There is a distinction between a person who chooses, for whatever reason, not to take action to enforce that person’s rights, and one who, because of a psychiatric condition or other mental infirmity, or indeed for any other reason, lacks the necessary initiative to take appropriate steps to pursue a claim, or for that matter has so little understanding of the way society functions as not to be able to obtain legal advice in order to pursue a claim for damages in respect of personal injuries. It would be unsurprising if the Limitation of Actions Act did not prevent late claims from being pursued by them or on their behalf; such people are in a situation which is close to that of a person against whom time does not run because of a disability in the form of unsoundness of mind, pursuant to s 29 of the Limitation of Actions Act 1974.”[127]
- [64]The applicant possessed sufficient information to enable her to easily and quickly ascertain the identity of the vehicle and its insurer. However, in adopting the approach of Keane JA (as he then was) in NF (supra) and applying the objective test to the applicant in light of her background his Honour concluded she had taken all reasonable steps as could be expected of her.

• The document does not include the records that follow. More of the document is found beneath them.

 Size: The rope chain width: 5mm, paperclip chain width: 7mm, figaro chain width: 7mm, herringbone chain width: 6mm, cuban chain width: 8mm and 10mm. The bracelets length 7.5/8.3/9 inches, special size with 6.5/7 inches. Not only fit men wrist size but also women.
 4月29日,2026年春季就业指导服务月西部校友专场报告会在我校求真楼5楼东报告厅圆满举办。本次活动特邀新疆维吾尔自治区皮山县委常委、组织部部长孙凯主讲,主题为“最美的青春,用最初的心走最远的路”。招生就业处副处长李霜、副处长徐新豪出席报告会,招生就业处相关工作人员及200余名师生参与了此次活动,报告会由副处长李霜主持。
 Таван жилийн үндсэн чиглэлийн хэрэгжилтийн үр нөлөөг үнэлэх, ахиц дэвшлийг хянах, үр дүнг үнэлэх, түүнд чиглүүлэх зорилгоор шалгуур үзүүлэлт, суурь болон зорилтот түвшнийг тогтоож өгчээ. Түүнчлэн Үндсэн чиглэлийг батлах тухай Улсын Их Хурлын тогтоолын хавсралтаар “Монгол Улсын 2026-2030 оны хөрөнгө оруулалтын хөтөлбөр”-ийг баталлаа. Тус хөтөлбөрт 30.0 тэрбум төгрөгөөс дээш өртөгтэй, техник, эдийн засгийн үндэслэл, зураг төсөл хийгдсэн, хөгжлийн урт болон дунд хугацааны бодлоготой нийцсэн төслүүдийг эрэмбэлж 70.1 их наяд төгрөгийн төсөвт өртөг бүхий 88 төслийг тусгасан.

- [65]The Respondent argues that the case of Pilot (supra) is not applicable here. Irrespective of Mr Richard’s disadvantaged background, the Respondent submits that his persistent back pain, which was so significant as to affect his ability to work, should have made obvious to him the need to seek appropriate medical and legal advice much earlier than he did. The fact that Dr Sterling, Orthopaedic Surgeon, advised him on 4 October 2007 that the pain would abate over time, the Respondent argues, may not be relied upon given he recommended the Applicant’s condition be reassessed in three to six months’ time. When his condition did not improve, the Applicant should have sought further medical and legal advice.
- [66]In support of this contention the Respondent has put before the court several cases. In Baillie (supra), the applicant injured his back in a workplace incident. He saw a GP after the incident but there was no record of any reported back pain. In the meantime he continued to work. Some six months after the accident he visited a doctor and had a CT scan performed which revealed a minor disc bulge, although he was merely advised to look after his back. The applicant, not coping with the pain, finally quit his work approximately three years after the accident, and took up working for his parents who were more understanding of his injury. A relevant material fact he sought to rely upon was advice received from an orthopaedic surgeon roughly five years after the accident that his injury was significant and permanent.

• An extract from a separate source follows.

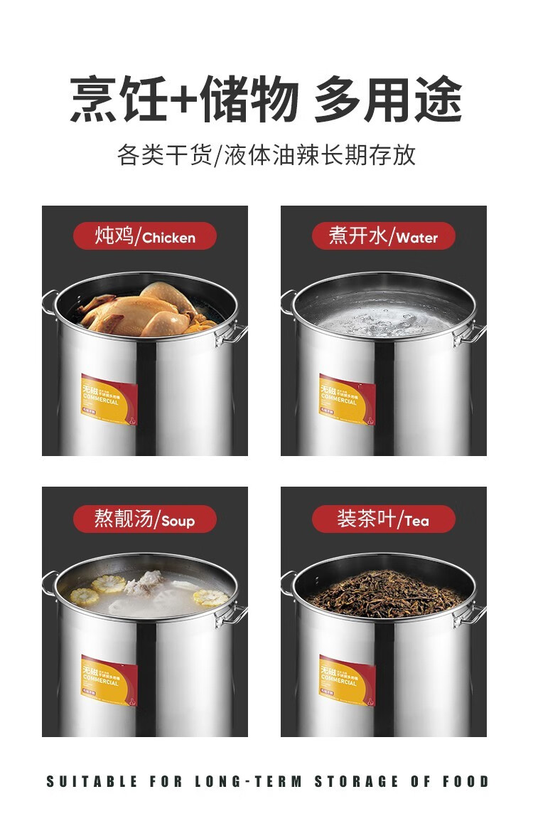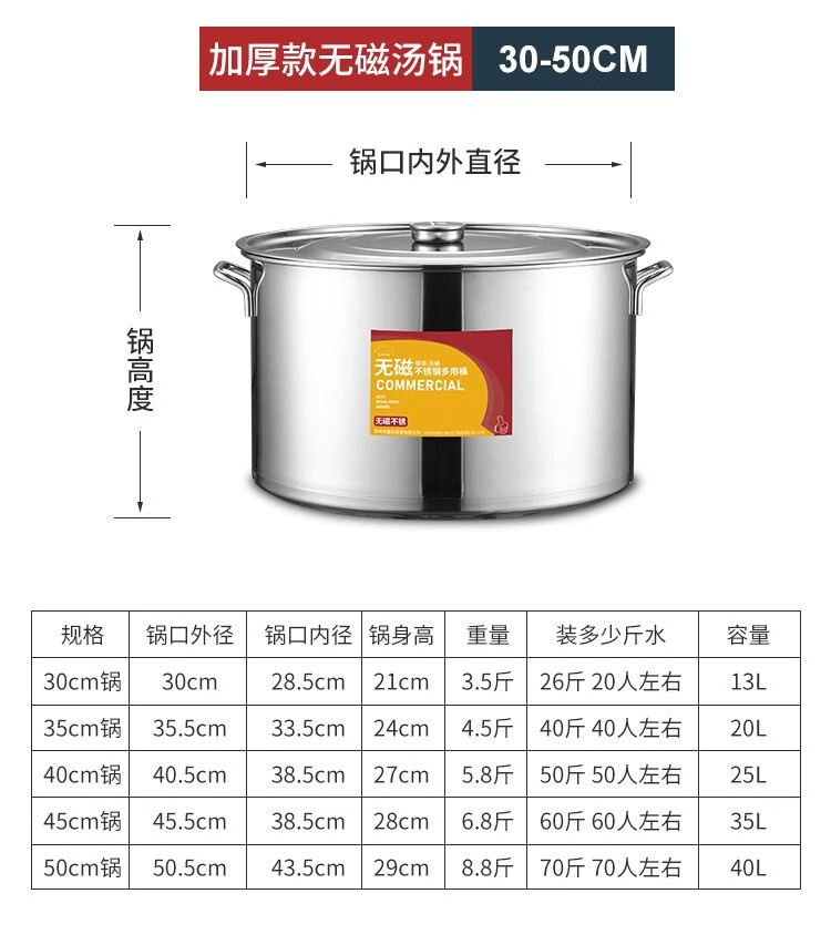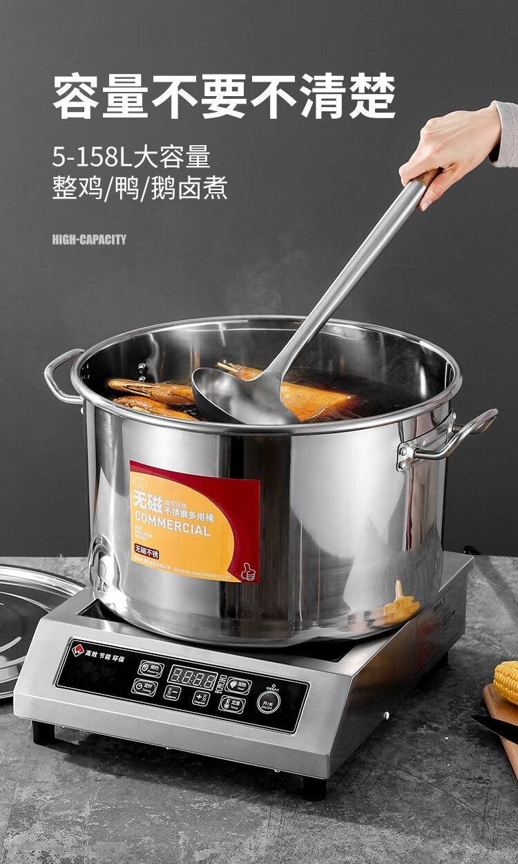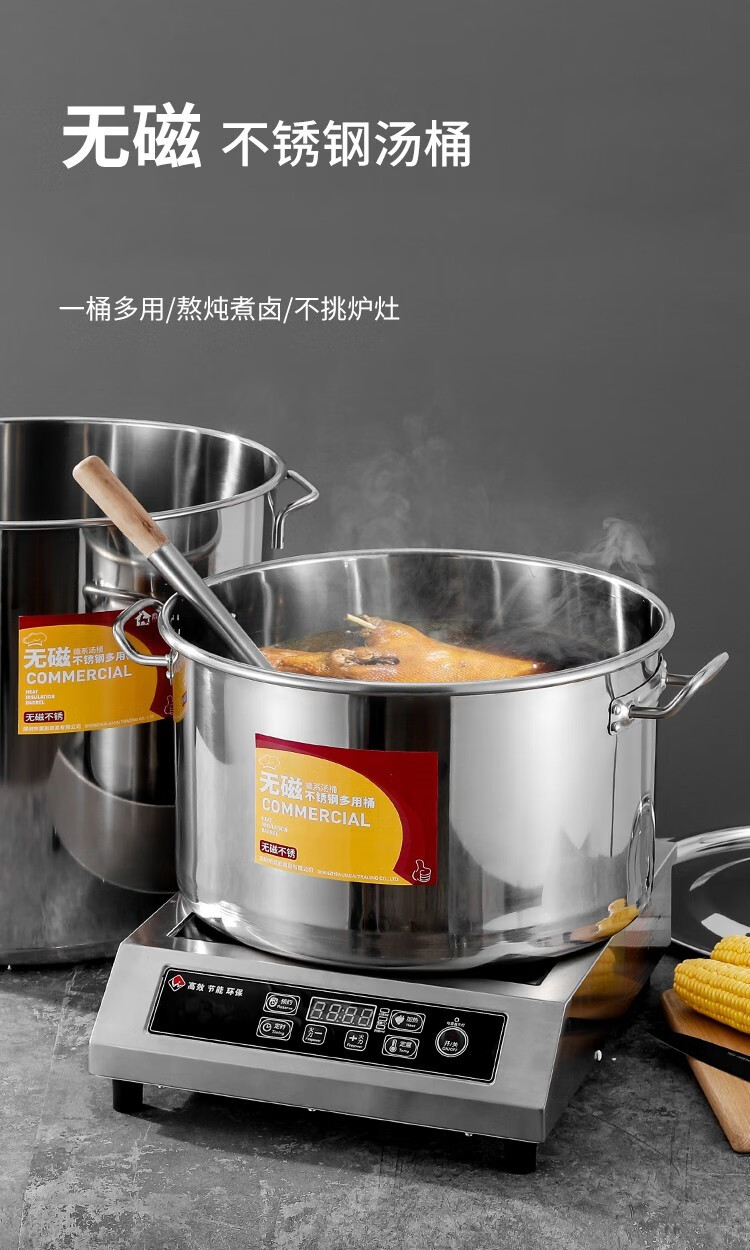 Chuangweiyue stainless steel drum with lid commercial soup bucket electric stove large soup pot cooking pot large capacity braised meat bucket household water bucket diameter 35 height 35 capacity about 35L

- [67]McMeekin J held that the applicant would have undoubtedly been aware of this fact long before the expiration of the period of limitation. His pain had been persistent for over three years and was worsening, and would have appeared permanent. The applicant also argued that, of the doctors he had seen, none of them had told him there was a causal link between the incident and his symptoms. Instead, he claimed, they had told him the pain was the result of pre-existing degeneration. His Honour was not persuaded by this argument as his claim was not corroborated by any of the medical reports. In light of the applicant’s unremitting pain and severely affected ability to work his Honour concluded he should have made enquiry as to the extent of his injury much earlier than he did. Consequently the material facts were within his means of knowledge prior to the expiration date.
- [68]The Respondent submits that the present application should be dismissed for the same reasons. I disagree. Baillee did not concern an applicant whose failure to make timely enquiries may be excused because of extenuating personal circumstances.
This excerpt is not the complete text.